By Sinead Floody, 21st August 2017 (updated 03.07.2024)
The Companies Accounting Act 2017 (the 2017 Act) was signed into law on 9th June 2017, transposing Directive 2013/34/EU of the European Parliament into Irish law. The enactment of this legislation extends the definition of Unlimited Companies and introduces the new Micro Company.
Unlimited Companies
The 2017 Act eliminates the old exemption from filing accounts for Unlimited Companies with a non- EU/EEA shareholding structure comprising of limited liability. The scope for Unlimited Companies to avoid filing financial statements is much reduced as the 2017 Act has increased the scope of what is considered to be a “Designated Unlimited Company” – which is a company that is not exempt from filing financial statements. This, in turn, introduces the end of the possibility to have non-filing structures. Prior to the Companies Accounting Act 2017, an Unlimited Company that was owned by a non-EEA incorporated Unlimited Company did not fall under the definition of a Designated Unlimited Company; and therefore was not required to file financial statements each year with its annual return.
By the very nature of filing annual financial statements, comparative yearly figures will also have to be reported. The annual return is filed alongside the financial statements to the CRO, which is then, almost instantly, made available to the public.

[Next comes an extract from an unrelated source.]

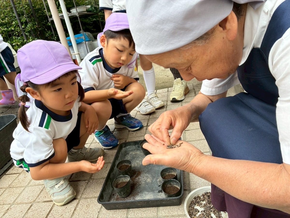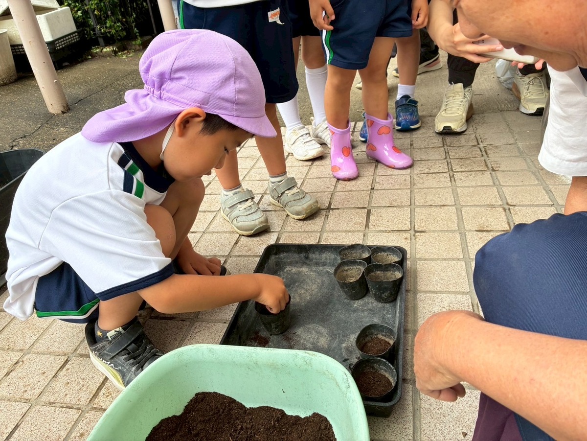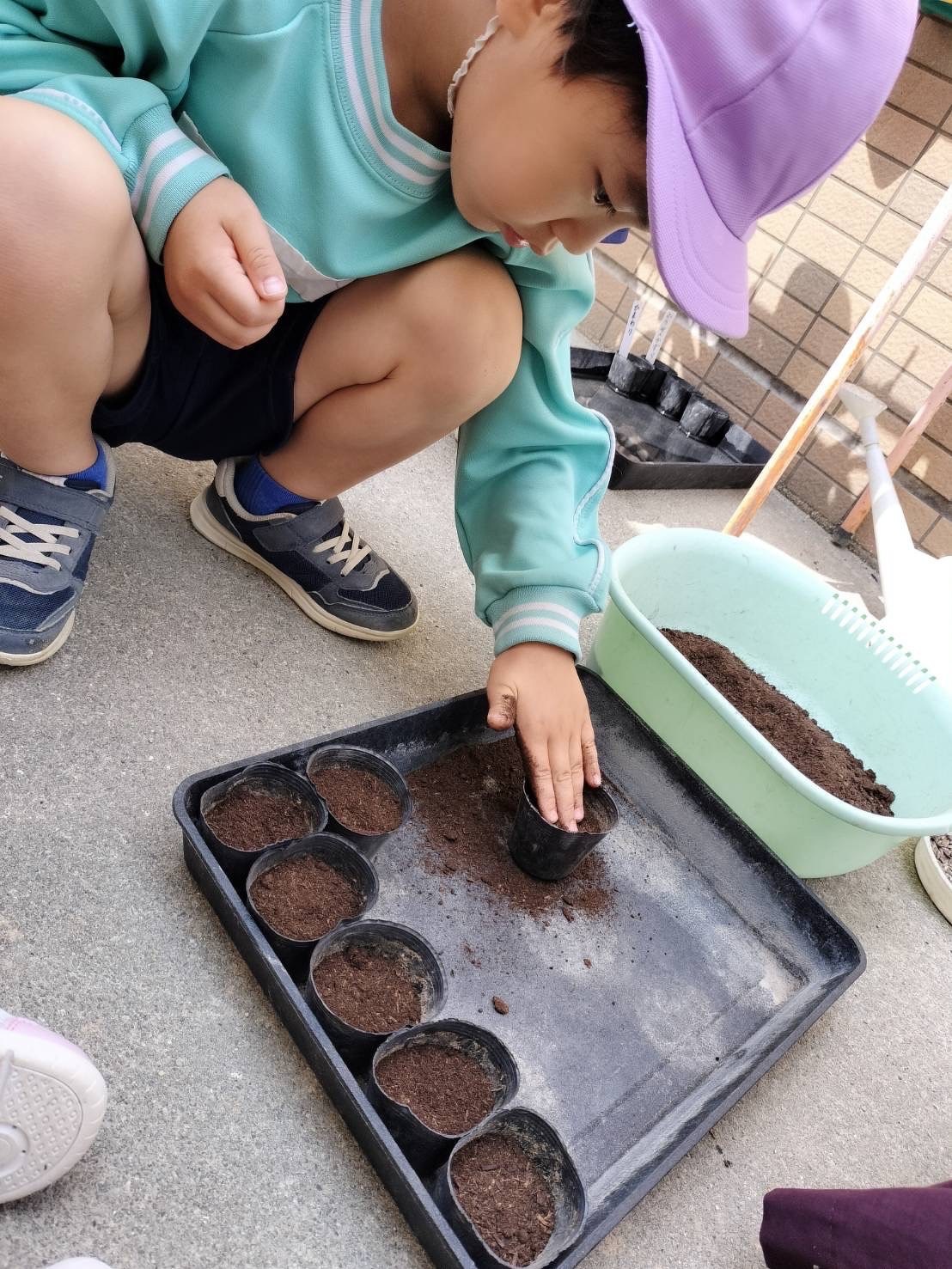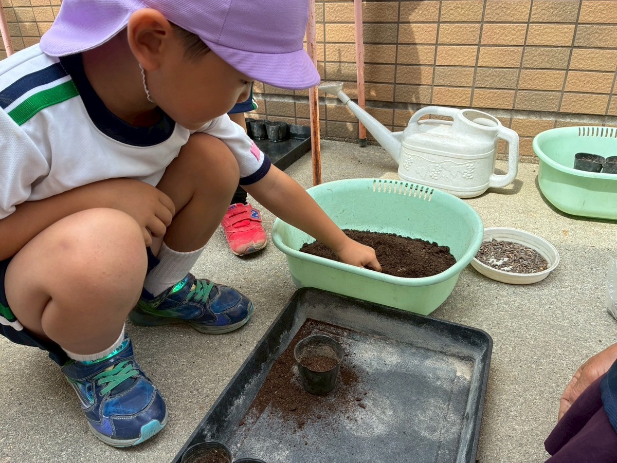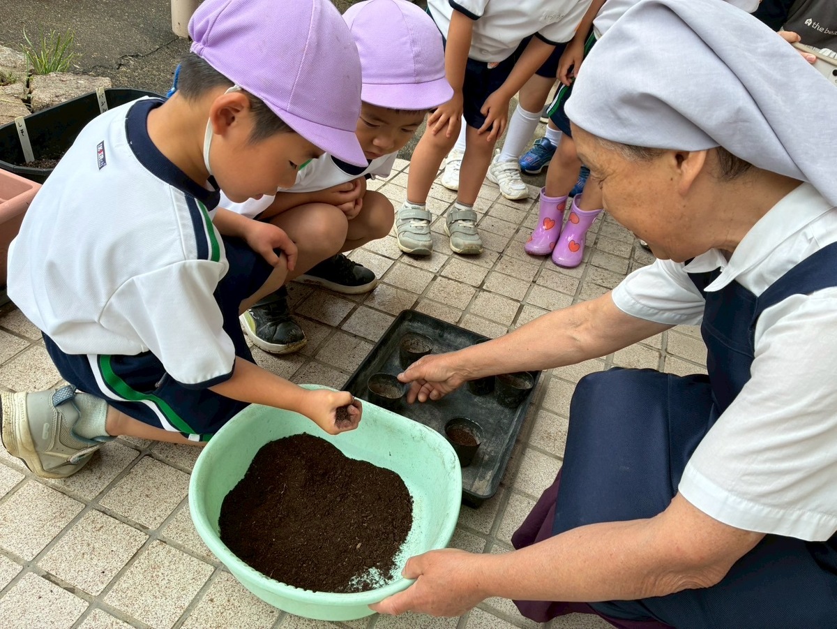 花の種植えを行いしました* 2025年06月03日(火) 花の種植えを行いました! シスターと一緒に「ひまわり」「あさがお」「フウセンカズラ」のお花の種をひとつずつ優しく、丁寧に植えました♪ 花の成長と共に、子どもたちの心と身体もすこやかに育ちますように。

All Unlimited Companies in Ireland are required to have the suffix “Unlimited Company” at the end of their company name, since the enactment of the Companies Act 2014 (the 2014 Act). The 2014 Act allowed an application to be made to the Minister of Jobs, Enterprise and Innovation to obtain an exemption from including this suffix in the company name. The 2017 Act has removed this exemption from the law, however, this will not have retrospective effect, meaning all current Unlimited Companies with an exemption will remain exempt.
Changes to Company Accounting Requirements
Alongside introducing changes to the threshold for small and medium companies, the 2017 Act introduces the “Micro Company” into company law and company accounting. This company type is only available to Private Companies and not to Public Limited Companies or Unlimited Companies. Some Private Companies such as investment companies, financial holding undertakings, subsidiaries that are included in consolidated financial statements or group structures, cannot avail of the Micro Company regime.
A company is considered to be a ‘Micro Company’ if their annual turnover does not exceed €700,000 and their balance sheet is under €350,000. Micro Companies are exempt from disclosing directors’ remuneration in their financial statements as well as being exempt from the requirement of filing a director’s report. The 2017 Act has increased the threshold for small and medium companies and is illustrated in the table below.
This threshold increase has broadened the scope for a company to claim audit exemption, however, medium companies will be required to file a full set of financial statements without any abridgement allowed. The 2017 Act also requires directors to disclose payments made by the company to any government agencies if the company’s activities involve mining, extraction or the logging of primary forests.
The Companies Registration Office has confirmed that changes to filing requirements are only applicable to financial years beginning on or after 1st January 2017.
As of July 2024, the EU has implemented the European Union (Adjustments of Size Criteria for Certain Companies and Groups) Regulations 2024, requiring all member states to increase the thresholds for company sizes by circa 25%. Read about the new Irish Company thresholds here.
Issues with the Companies Act 2014 is Addressed by the 2017 Act
The Companies Accounting Act 2017 clarifies the definition of “credit institution”, which was unclear in the 2014 Act. The 2014 Act also only offered merger relief to transactions involving two Irish companies. The 2017 Act provides relief to transactions where the acquired company is a body corporate, including those registered outside Ireland. The 2017 Act has also implemented the recommendations of the Company Law Review Group on the Belgard Motors case to avoid automatic crystallisation of floating charges.
Disclaimer This article is for guidance purposes only. It does not constitute legal or professional advice. No liability is accepted by Company Bureau for any action taken or not taken in reliance on the information set out in this article. Professional or legal advice should be obtained before taking or refraining from any action as a result of this article. Any and all information is subject to change.